A new robot developed by the researchers, called RF-Grasp, relies on radio waves that can pass through walls and sense occluded objects. It does this by combining powerful sensing with traditional computer vision, enabling the location and grasping of items that would normally be out of sight for the robot.
The research is set to be presented at the IEEE International Conference on Robotics and Automation in May. The lead author of the paper is Tara Boroushaki, research assistant in the Signal Kinetics Group at the MIT Media Lab. Co-authors of the paper include Adib, director of the Signal Kinetics Group; Alberto Rodriguez, Associate Professor in the Department of Mechanical Engineering; Junshan Leng, research engineer at Harvard University; and Ian Clester, PhD student at Georgia Tech.
Warehouses and E-commerce
One potential use case of this new technology is in e-commerce, where it could help make warehouse fulfillment more efficient, or it could locate tools in a toolkit. With the dramatic rise in e-commerce, the work is becoming increasingly more intense for human workers, which still complete most of it. However, this is sometimes a problem given the dangerous working conditions.

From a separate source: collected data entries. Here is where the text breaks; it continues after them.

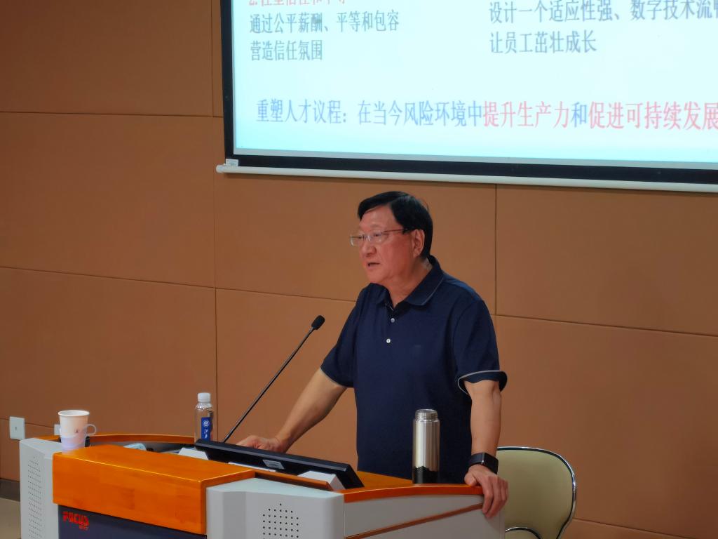 赵教授从项目执行、研究成果、人才培养和国际合作与交流四个维度分享与商院老师合作的国家自然科学基金重点项目《基于创新导向的中国企业人力资源管理模式研究》。他指出:人才是组织数智化发展的基石,进行数智化转型、构建数智化组织已经成为组织应对数智时代环境突变,实现可持续发展的必然选择,组织需要具备数智化思维和运用数字知识、技能创造性解决复杂问题能力的数智型人才,推动人力资源管理的数智化转型,以助力企业业务运营升级。
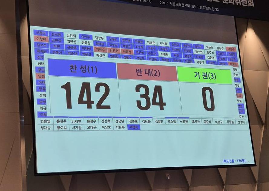 이날 총회에 상정된 관련 안건은 총 2건이었다. 먼저 정관에 ‘만 40세 이하’를 청년회원으로 정의하고, 각 시도지부 고정 대의원 3명 중 1명을 청년회원으로 의무 선출(대전협 등이 추천 가능)하도록 하는 안건은 재석 176명 중 찬성 142표, 반대 34표로 가결됐다.
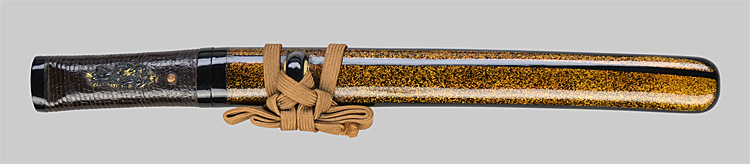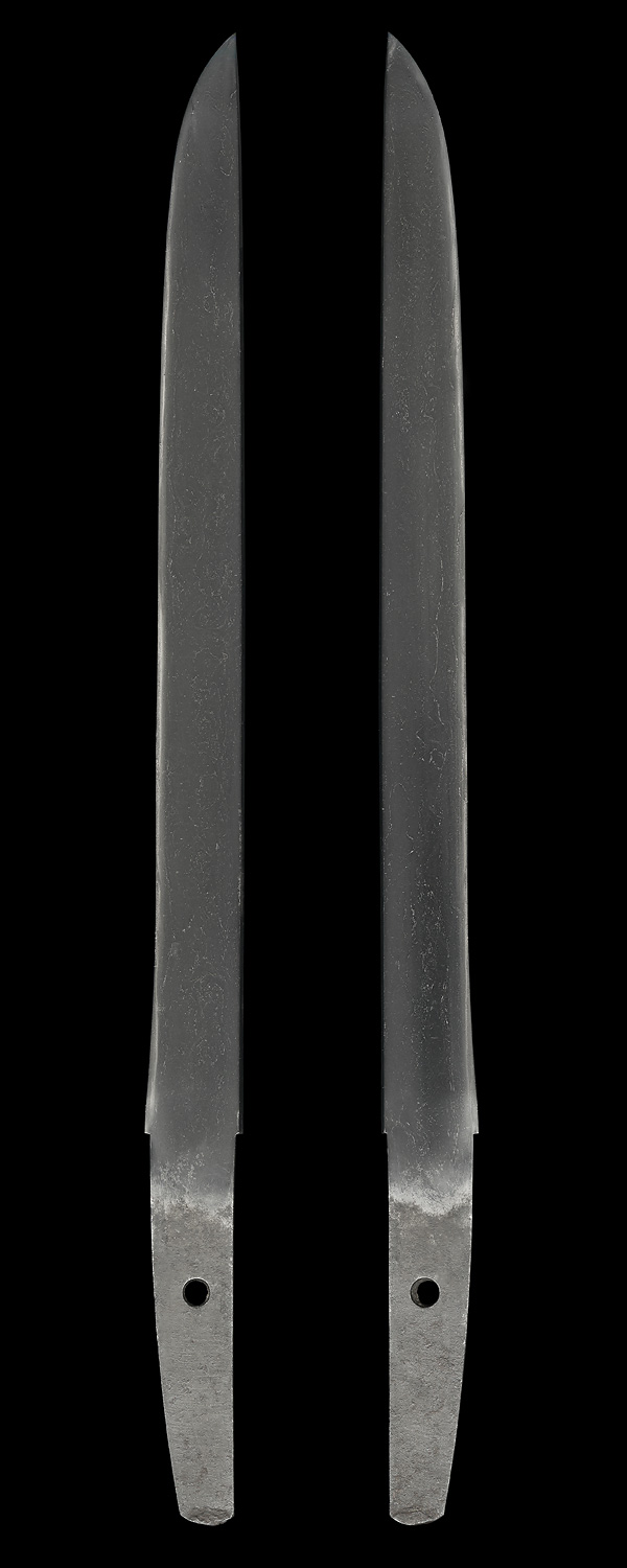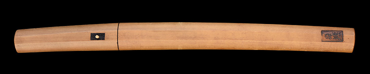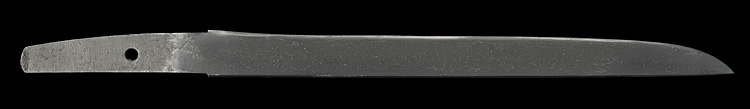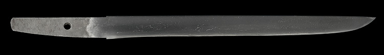 平造り庵棟 うぶ茎 板目肌、杢交じりよく練れ詰む。地沸微塵につき、細かな地景顕われ白気映り立つ。刃紋は細直刃、浅く湾れて小乱れ交じる。匂い口ややフックラと小沸よくつく。刃縁ほつれ、喰い違い刃かかる。刃縁に金筋よく絡み、砂流しかかり明るく冴える。末古刀備後三原派。(保存刀剣)

“Perception and picking are two roadblocks in the industry today,” Rodriguez says.
Robots rely on optical vision, which can’t perceive items that are hidden since visible light waves don’t pass through walls. However, that is not the case for radio waves.
Radio frequency (RF) identification has been used for tracking, and RF identification systems consist of a reader and a tag. The tag is a tiny computer chip that is attached for tracking purposes, while the reader emits an RF signal that gets modulated by the tag and reflected to the reader.

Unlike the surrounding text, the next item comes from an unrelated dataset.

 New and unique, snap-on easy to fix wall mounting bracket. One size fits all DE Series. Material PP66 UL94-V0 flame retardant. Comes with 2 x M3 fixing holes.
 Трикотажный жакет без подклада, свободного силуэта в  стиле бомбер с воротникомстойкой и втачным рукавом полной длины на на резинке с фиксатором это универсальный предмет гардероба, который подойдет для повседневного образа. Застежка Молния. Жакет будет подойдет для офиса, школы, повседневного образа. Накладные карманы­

This reflected signal is responsible for providing crucial information about the tagged item, such as location and identify. This is often used in retail supply chains, with countries like Japan planning to use RF tracking for all retail purchases eventually.
“RF is such a different sensing modality than vision,” says Rodriguez. “It would be a mistake not to explore what RF can do.”
The newly developed RF Grasp uses a camera and an RF reader to locate and grab tagged objects, and it can do so even if they are fully blocked from the camera. There is a robotic arm attached to a grasping hand, and the wrist holds the camera. The RF reader is independent of the robot, relaying tracking data to the control algorithm.
By integrating RF tracking data collection and data from the visual picture of the robot’s surroundings, the robot’s decision-making process gets very complicated.
“The robot has to decide, at each point in time, which of these streams is more important to think about,” says Boroushaki. “It’s not just eye-hand coordination, it’s RF-eye-hand coordination. So, the problem gets very complicated.“
“It starts by using RF to focus the attention of vision,” says Adib. “Then you use vision to navigate fine maneuvers.”
With this process, RF Grasp can target an object, and it can manipulate the item and vision, which results in finer detail than RF.
In a series of tests, RF Grasp successfully pinpointed and grabbed the target object with around half as much total movement. It was also able to ‘declutter’ the environment, which is very unique, by removing packing materials and obstacles to get to the target.
“It has this guidance that other systems simply don’t have,” Rodriguez says.
RF Grasp could eventually play a big role in e-commerce warehouses, doing things like instantly verifying an item’s identity.
“RF has the potential to improve some of those limitations in industry, especially in perception and localization,” Rodriguez continues.
As for home applications, Adib says “Or you could imagine the robot finding lost items. It’s like a super-Roomba that goes and retrieves my keys, wherever the heck I put them.”